A 2ª Secção deste Tribunal sempre se tem manifestado, no sentido se não tomar conhecimento do recurso, em casos perfeitamente iguais ao ora em apreço.
E isto porque, como se vê no acórdão citado junto a fls. 124, o qual seguiu na esteira do acórdão n.º 47/84, a que fez expressa referência, uma vez mais a Secção assim decidiu por entender que nestes casos, a haver inconstitucionalidade, ela resultaria em primeira linha, de contradição com uma norma interposta, constante da Lei Uniforme.
Só indirectamente, caso se verificasse aquela contradição, como o citado acórdão, salienta se poderia sustentar a existência da regra da primazia do direito internacional convencional sobre legislação interna, constante no n.º 2, do artigo 8.º, da Constituição da República.
Ora, acrescenta o acórdão citado: “E mesmo que se entendesse que o princípio “pacta sunt servanda” foi recebido no direito português com valor constitucional, por força do preceituado no n.º 1, do art.º 8.º, da Constituição (como se entende no mencionado Ac. 62/84), ainda aí, a violação de tal princípio sempre seria indirecta, por só poder existir justamente por se verificar violação da Convenção de Genebra pelo artigo 4.º do Dec. Lei n.º 262/83.
“Entendimento diferente só poderia assentar na atribuição de valor constitucional às normas de direito internacional convencional, mas a tal tese se opõe decisivamente a própria Constituição, ao permitir a declaração de inconstitucionalidade de normas constantes de convenções internacionais.
“É, pois, em sede da competência do Tribunal Constitucional para conhecer, por via de recurso, da eventual violação indirecta das regras constitucionais referentes à hierarquia de normas infraconstitucionais, resultante da violação directa de normas interpostas, que o problema se tem unicamente de pôr”.

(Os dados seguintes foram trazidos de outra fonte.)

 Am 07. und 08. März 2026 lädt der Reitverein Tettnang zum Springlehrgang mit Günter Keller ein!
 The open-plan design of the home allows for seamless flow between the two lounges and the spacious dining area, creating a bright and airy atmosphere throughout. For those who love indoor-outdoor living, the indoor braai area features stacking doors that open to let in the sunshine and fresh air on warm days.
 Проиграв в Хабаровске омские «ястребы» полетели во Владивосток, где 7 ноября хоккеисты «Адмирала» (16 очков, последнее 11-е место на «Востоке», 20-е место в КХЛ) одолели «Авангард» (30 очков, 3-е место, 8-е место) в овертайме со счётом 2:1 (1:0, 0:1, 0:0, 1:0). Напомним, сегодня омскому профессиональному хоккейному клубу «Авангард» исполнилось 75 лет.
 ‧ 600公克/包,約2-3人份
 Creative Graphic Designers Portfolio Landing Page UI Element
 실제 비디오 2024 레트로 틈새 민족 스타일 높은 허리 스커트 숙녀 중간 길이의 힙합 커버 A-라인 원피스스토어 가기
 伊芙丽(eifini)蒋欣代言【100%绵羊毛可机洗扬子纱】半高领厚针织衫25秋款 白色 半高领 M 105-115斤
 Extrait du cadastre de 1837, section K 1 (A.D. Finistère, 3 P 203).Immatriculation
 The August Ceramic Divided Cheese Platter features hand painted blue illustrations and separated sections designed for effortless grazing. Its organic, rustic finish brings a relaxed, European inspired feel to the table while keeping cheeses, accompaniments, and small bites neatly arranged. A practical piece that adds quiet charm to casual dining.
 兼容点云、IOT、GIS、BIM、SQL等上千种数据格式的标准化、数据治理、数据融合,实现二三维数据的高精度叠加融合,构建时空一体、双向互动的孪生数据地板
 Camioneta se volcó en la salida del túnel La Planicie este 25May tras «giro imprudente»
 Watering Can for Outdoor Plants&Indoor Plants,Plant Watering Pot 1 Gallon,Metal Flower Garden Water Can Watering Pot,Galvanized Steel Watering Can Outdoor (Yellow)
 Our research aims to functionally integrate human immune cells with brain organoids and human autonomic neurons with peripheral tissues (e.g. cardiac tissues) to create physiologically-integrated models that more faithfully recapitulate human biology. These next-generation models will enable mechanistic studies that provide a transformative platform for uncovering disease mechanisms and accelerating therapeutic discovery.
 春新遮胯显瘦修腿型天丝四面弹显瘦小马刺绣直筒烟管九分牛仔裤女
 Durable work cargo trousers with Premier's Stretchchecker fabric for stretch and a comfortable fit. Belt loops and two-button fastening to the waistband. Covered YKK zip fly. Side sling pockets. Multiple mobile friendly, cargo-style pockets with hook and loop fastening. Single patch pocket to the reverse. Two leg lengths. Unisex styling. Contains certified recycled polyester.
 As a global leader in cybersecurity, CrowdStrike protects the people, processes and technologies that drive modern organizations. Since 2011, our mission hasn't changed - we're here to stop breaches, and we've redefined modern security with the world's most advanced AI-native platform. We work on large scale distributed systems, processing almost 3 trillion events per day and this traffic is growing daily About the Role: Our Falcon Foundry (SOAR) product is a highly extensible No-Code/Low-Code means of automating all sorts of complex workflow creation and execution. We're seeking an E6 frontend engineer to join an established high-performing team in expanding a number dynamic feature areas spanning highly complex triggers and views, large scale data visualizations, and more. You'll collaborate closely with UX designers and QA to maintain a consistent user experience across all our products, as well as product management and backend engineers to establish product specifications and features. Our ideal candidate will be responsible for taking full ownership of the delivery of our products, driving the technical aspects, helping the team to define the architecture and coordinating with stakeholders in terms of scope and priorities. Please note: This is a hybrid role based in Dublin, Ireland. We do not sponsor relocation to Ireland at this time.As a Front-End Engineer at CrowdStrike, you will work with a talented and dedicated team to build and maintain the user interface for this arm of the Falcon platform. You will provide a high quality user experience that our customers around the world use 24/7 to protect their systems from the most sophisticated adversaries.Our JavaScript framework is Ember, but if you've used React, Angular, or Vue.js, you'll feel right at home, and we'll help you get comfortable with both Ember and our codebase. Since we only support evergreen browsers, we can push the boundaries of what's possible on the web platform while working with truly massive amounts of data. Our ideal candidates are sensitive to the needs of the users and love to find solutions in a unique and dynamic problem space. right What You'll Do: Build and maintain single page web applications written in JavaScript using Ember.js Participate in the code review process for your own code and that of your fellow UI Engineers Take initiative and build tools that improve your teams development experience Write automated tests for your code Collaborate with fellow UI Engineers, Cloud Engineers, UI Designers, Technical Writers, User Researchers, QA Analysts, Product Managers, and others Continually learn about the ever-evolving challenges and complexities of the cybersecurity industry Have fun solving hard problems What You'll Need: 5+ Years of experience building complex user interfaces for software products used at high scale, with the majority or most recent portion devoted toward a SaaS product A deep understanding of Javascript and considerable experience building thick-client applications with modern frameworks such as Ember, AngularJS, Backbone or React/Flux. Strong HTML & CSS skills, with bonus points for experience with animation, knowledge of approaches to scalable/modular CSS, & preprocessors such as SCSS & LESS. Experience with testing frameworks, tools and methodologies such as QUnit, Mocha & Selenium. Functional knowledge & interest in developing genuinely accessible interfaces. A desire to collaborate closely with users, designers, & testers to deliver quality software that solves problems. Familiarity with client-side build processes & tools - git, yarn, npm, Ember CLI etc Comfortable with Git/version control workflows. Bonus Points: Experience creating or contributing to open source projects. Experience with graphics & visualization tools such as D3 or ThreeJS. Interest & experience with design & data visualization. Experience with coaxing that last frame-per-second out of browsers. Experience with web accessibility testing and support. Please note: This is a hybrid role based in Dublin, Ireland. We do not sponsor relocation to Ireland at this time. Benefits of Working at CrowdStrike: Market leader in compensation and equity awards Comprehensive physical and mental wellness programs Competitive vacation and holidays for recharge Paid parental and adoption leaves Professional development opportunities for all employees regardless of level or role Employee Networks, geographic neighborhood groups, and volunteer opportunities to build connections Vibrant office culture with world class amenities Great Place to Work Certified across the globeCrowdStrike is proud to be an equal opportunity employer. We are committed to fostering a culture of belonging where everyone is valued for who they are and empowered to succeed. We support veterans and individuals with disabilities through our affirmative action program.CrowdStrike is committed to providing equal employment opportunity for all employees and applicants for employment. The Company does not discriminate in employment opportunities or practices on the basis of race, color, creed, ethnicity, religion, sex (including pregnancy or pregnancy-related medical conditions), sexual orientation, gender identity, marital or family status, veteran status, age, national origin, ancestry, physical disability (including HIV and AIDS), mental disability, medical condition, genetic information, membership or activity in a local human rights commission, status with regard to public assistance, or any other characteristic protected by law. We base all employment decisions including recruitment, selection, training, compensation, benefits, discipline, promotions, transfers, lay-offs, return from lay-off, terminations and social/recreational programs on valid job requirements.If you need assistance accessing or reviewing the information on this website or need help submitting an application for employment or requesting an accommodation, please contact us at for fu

Apesar do brilho, tanto do acórdão recorrido como das alegações da recorrente na sustentação de tese diversa, não se entende dever modificar as anteriores decisões, antes se julga serem de manter as razões em que sempre as fundamentaram.
E, assim, sendo de parecer que não de tomar-se conhecimento de recurso, por falta de competência do Tribunal, vão os autos com vista aos Juízes da Secção, nos termos e pelo prazo fixados no n.º 2 do artigo 704.º, do Código de Processo Civil.